Nirgends sonst in der zusehends durcheventisierten Musical-Metropole voller Beatles-Memorabilien hatte der independente Eigensinn ein liebevoller verwahrlostes Heim mit liebevoller verlotterten Sitten und liebevoller hochmütigem Selbstbewusstsein. Als elektropunkiger Resonanzkörper für die hedonistische Bohème links der Verwertungsmechanik entstanden, war der frühere Schmugglerknast aus dem 19. Jahrhundert Sub- und Leitkultur in einem, kultureller Underground und Mainstream, so widerständig wie stilbildend, irgendwie rot-grün im Idealzustand. Alles mit den Overground-Anarchisten Rocko Schamoni und Schorsch Kamarum in prominenter Herbergsvaterfunktion, als befänden plötzlich Asylbewerber in der Ausländerbehörde über Aufenthalt oder Abschiebung.

Pudel, das war die Verkehrung der freien Marktwirtschaft. Bier unter zwei Euro. Auf Klo besser nicht hinsetzen. Und morgens nach dem Rauswanken noch mal mit der Bürste unter die Fingernägel. So roch, klang, wirkte ein Ambiente entspannter Arroganz im lebenden Denkmal alternativer Freizeitgestaltung, das in der Geschichtsschreibung bekanntlich gern etwas wunderbarer verklärt wird als die Wirklichkeit gestattet. So hob es sich ab aus der Masse selbsterklärter Clubs mit mehr Substanz als einem Link im Hamburg-Marketing.
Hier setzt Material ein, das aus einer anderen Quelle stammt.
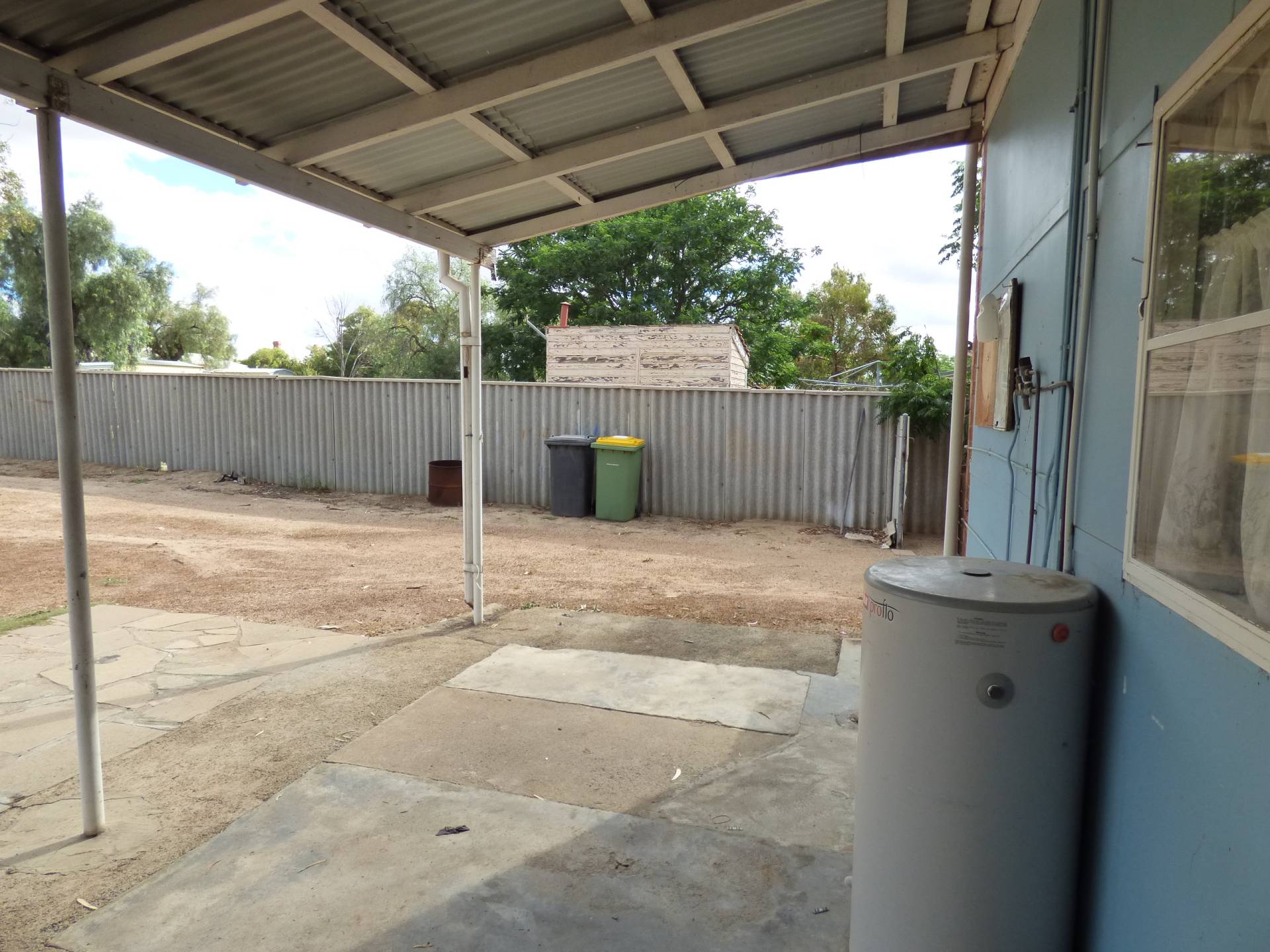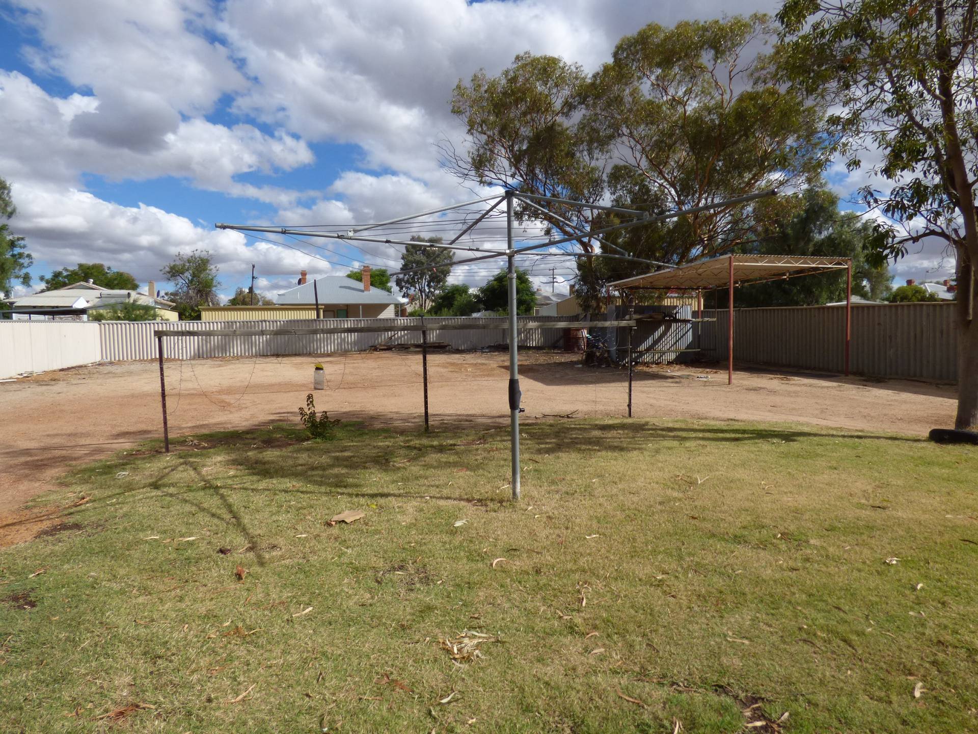 Large back yard with a small carport in the rear.

Die synchron übereinandergeschlagenen Beine angemessen affektierter Stammgäste auf der Bank am Eingang, das demütige Abwarten des Bedienungsgesprächs an gähnend leerer Theke, der unvergleichliche Mix zeitgenössischer mit rückwärtsgewandter Popkultur zum zukunftsfähigen Sound elaborierten Trashs – all dies wird es so nicht mehr geben, weil dem Wachsen allerorten längst ebenso wenig Zeit gelassen wird wie in den PR-Kulissen von Berlin bis München.

Ein Stück Hamburg, das im Grunde nie und gerade deshalb eines war.

Ob Freizeitpark mit gezüchtetem Dino oder verklärter Clubkultur: Das Leben, lehren uns Realität und Fiktion, findet seinen Weg. Es wird also auch diesmal ersatzweise irgendwo etwas Unbequemes, Ungeputztes, Unformatiertes entstehen. Ein Refugium auf Zeit, das die Rendite auf Dauer eine Weile bestehen lässt, um es dann aufzufressen wie einen drögen Keks.

Wer zwischen Lokalitäten, die Mehrgängemenüs und Flatrateschnaps verkosten, vor dem Pudel stehen bleibt, der trauert, um ein Stück Hamburg, das im Grunde nie und gerade deshalb eines war. Tschüss, Pudel. Im Herzen bürsten wir weiter und hoffen auf ein Wiedersehen irgendwann.